Liberally illustrated. Boston: Phillips, Sampson, & Co. pp. 416.
This very useful treatise contains a full account of the best breeds of cattle and of the most approved methods of crossing so as to develop qualities particularly desirable; directions for choosing good milkers by means of certain natural signs; a description of the most useful grasses and other varieties of fodder; and very minute instructions for the making of good butter and the proper arrangement and care of dairies. The author has had the advantage of practical experience as a dairyman, while his position as Secretary of the Massachusetts Board of Agriculture has afforded him more than common opportunity of learning the experience of others.
A volume of this kind cannot fail to commend itself to farmers and graziers, and will be found valuable also by those who are lucky enough to own a single cow. The production of good milk, butter, and meat is a matter of interest to all classes in the community alike; and Mr. Flint's book, by pointing out frankly the mistakes and deficiencies in the present methods of our farmers and dairymen, and the best means of remedying them, will do a good and much-needed service to the public. He shows the folly of the false system of economy which thinks it good farming to get the greatest quantity of milk with the least expenditure of fodder, and which regards poor stock as cheaper because it costs less money in the original outlay.
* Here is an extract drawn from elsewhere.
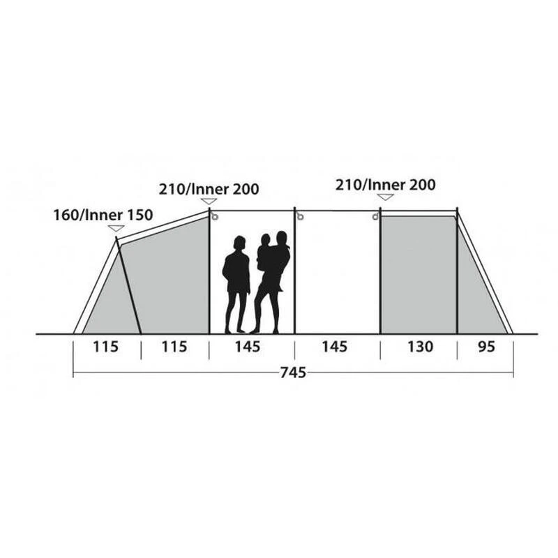 La tente de camping Outwell Westwood 8 en polyester est composée de 4 chambres pouvant accueillir 8 personnes.

If Dean Swift was right in saying that he who makes two blades of grass grow where one grew before is of more service to mankind than he who takes a city, we should be inclined to rank him hardly second as a benefactor of his race who causes one pound of good butter to be made where two pounds of bad were made before. We believe that more unsavory and unwholesome grease is consumed in the United States under the alias of butter than in any other civilized country, and we trust that a wide circulation of Mr. Flint's thoroughly executed treatise will tend to reform a great and growing evil. The tendency in America has always been to make a shift with what will do, rather than to insist on having what is best; and we welcome this book as likely to act as a corrective in one department, and that one of the most important. The value of the volume is increased by numerous illustrations and a good index.